Records from a dataset:
*** Block opens ***

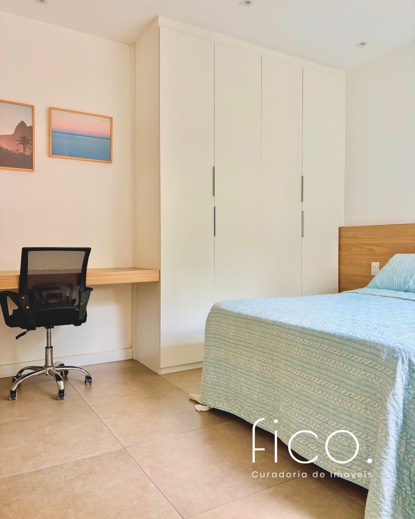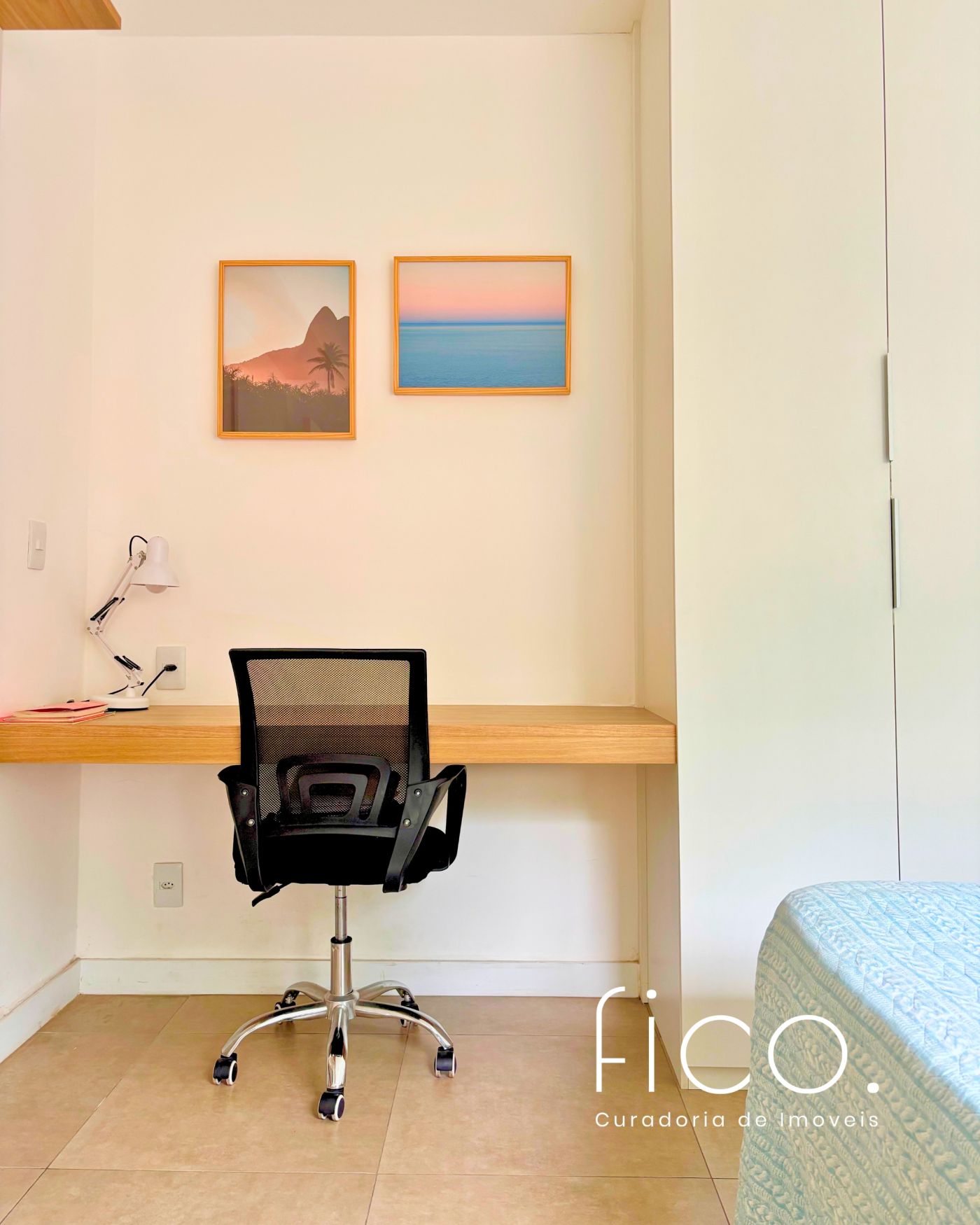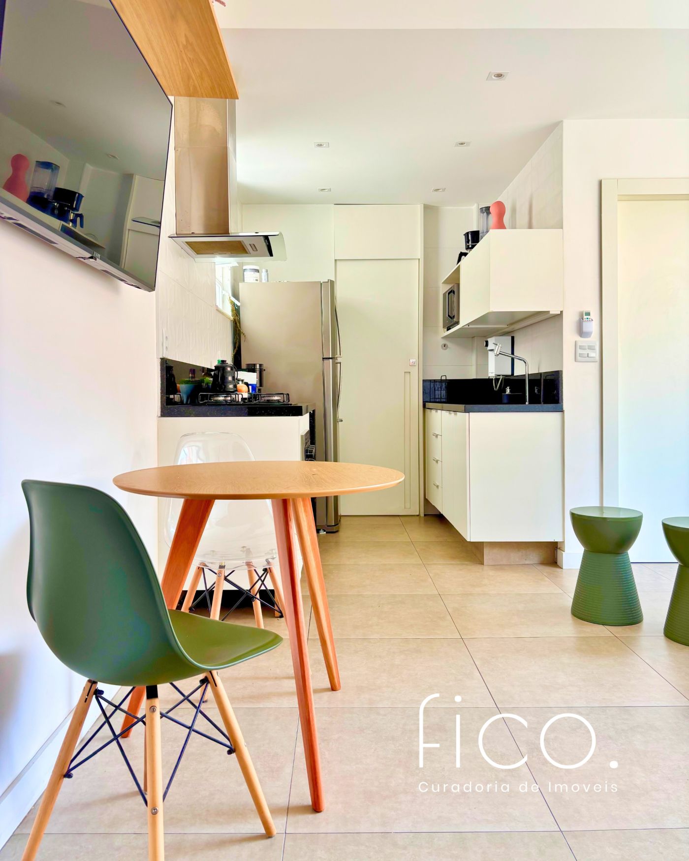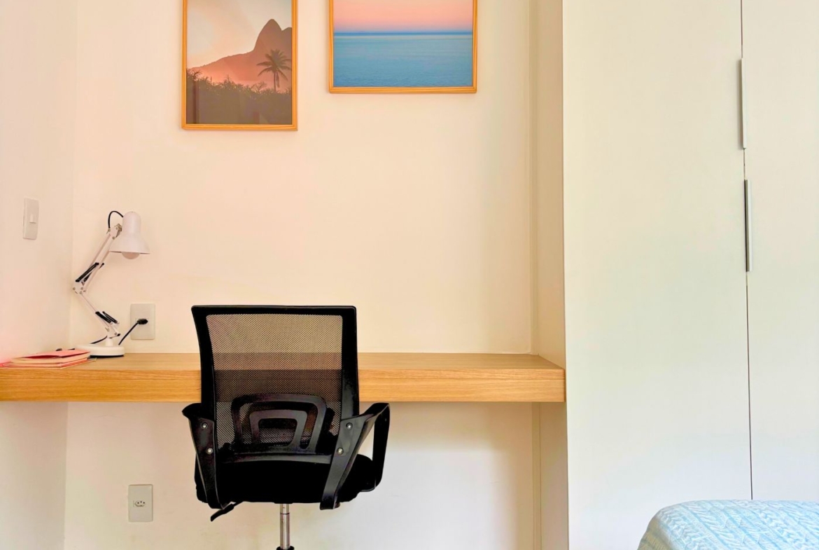 Possui quarto e sala com ar condicionado tipo split, cozinha integrada e banheiro com dois acessos, atendendo a área social e o quarto. É muito silencioso, claro e ventilado e fica em prédio com elevador, vaga e portaria em horário parcial. Conta ainda com uma área gourmet toda equipada e decorada.
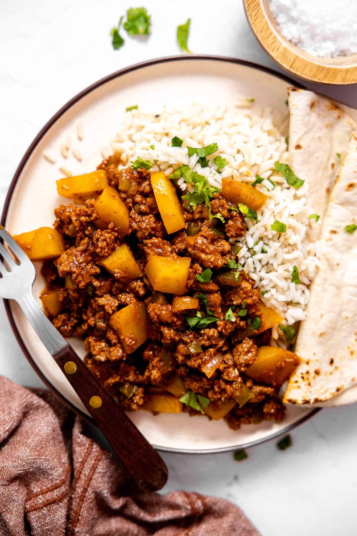 - Add in diced onion, green bell pepper and potatoes. Continue to cook over medium heat until onion and peppers are softened. Add garlic and cook an additional 30 seconds.
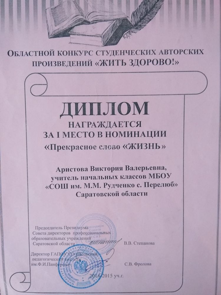 Диплом за I место в номинации "Прекрасное слово "ЖИЗНЬ"
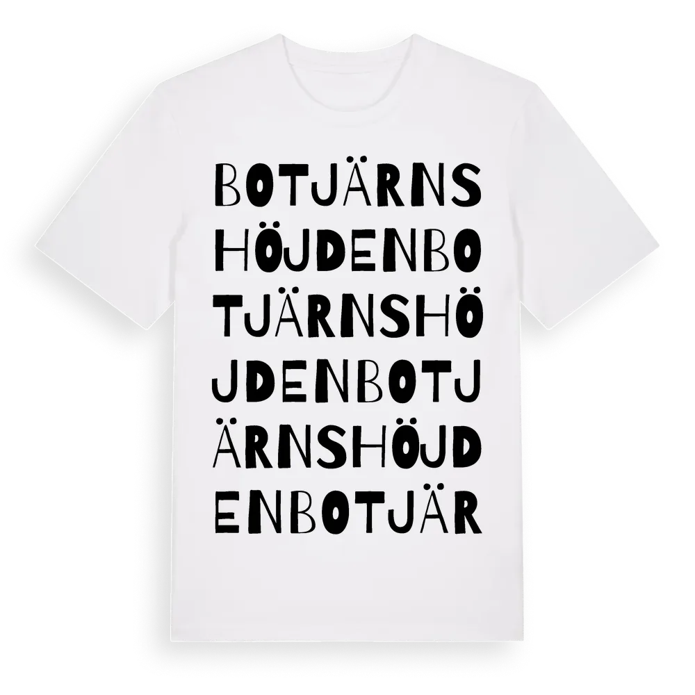 Botjärnshöjden ordlek t-shirt är inspirerad av Botjärnshöjden i Värmlands län, Sverige. Tröjan är designad för dig som har en speciell koppling till platsen – oavsett om du bor här, har rötterna här eller bara älskar Botjärnshöjden.
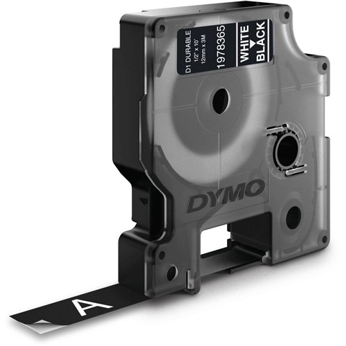 DYMO D1 DURABLE LABELLING TAPE Cassettes White on Black 12mmx3m
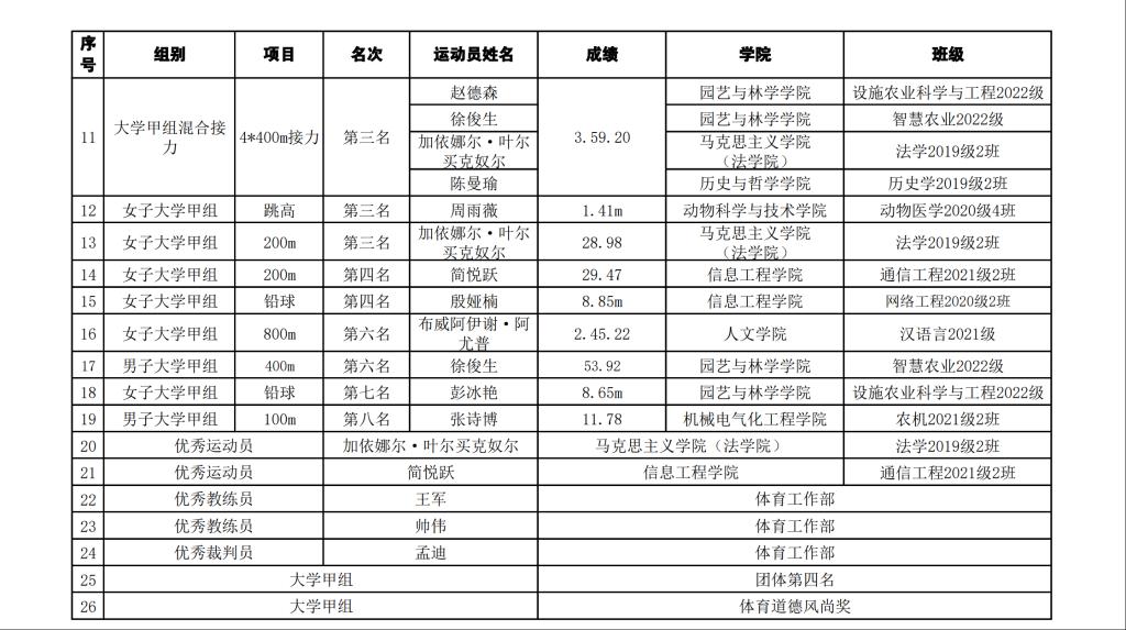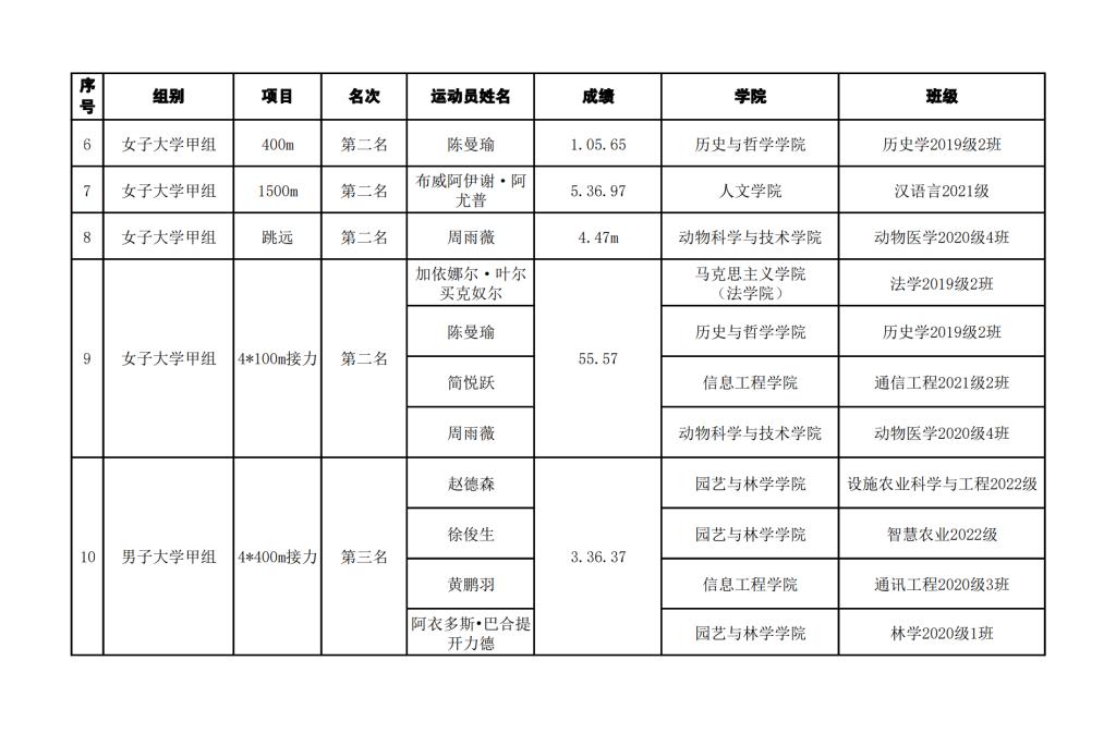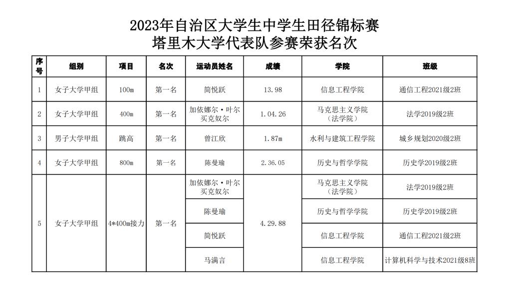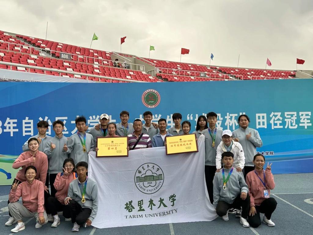 5月24日至28日,2023年自治区大学生、中学生“城投杯”田径冠军赛在奎屯市体育场举行。beat365中文登录入口代表队最终斩获5金4银4铜等19个奖项,荣获“大学甲组团体总分第四名”,体育工作部王军、帅伟被评为优秀教练员;孟迪被评为优秀裁判员;加依娜尔·叶尔买克奴尔、简悦跃被评为优秀运动员称号。
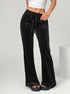 Velvet Black High Waist Yoga Flare Pants – Drawstring Lounge Trousers
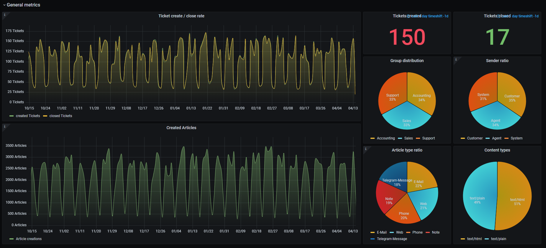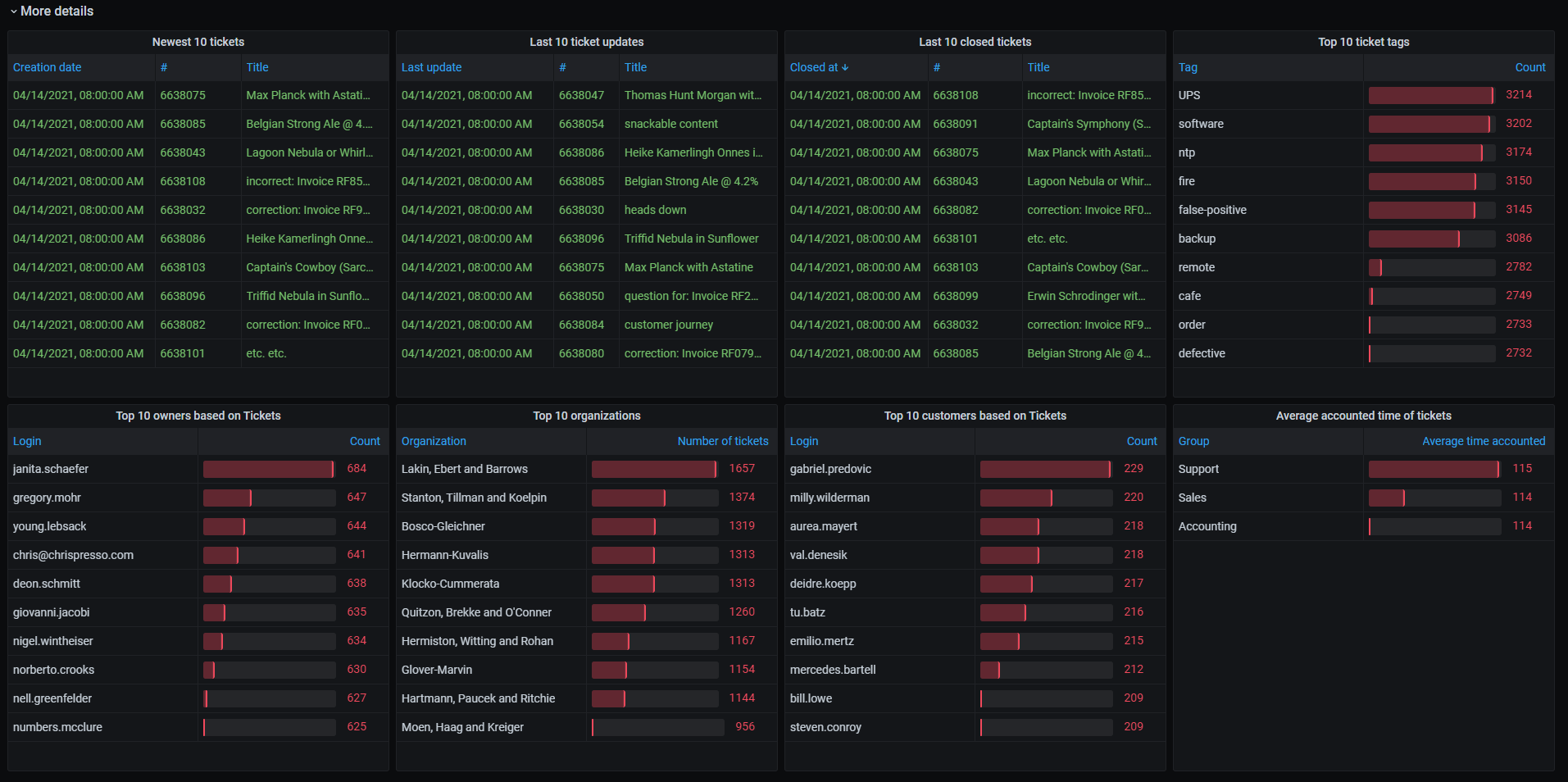Sample dashboard for Zammad Tickets.

*** Block closes ***

◆ Task instructions: Nothing but an exact copy belongs in the answer: the lines from the top of the records through the line containing "Botjärnshöjden ordlek t-shirt", minus the pictures.

◆ Finished exercise:
 Possui quarto e sala com ar condicionado tipo split, cozinha integrada e banheiro com dois acessos, atendendo a área social e o quarto. É muito silencioso, claro e ventilado e fica em prédio com elevador, vaga e portaria em horário parcial. Conta ainda com uma área gourmet toda equipada e decorada.
 - Add in diced onion, green bell pepper and potatoes. Continue to cook over medium heat until onion and peppers are softened. Add garlic and cook an additional 30 seconds.
 Диплом за I место в номинации "Прекрасное слово "ЖИЗНЬ"
 Botjärnshöjden ordlek t-shirt är inspirerad av Botjärnshöjden i Värmlands län, Sverige. Tröjan är designad för dig som har en speciell koppling till platsen – oavsett om du bor här, har rötterna här eller bara älskar Botjärnshöjden.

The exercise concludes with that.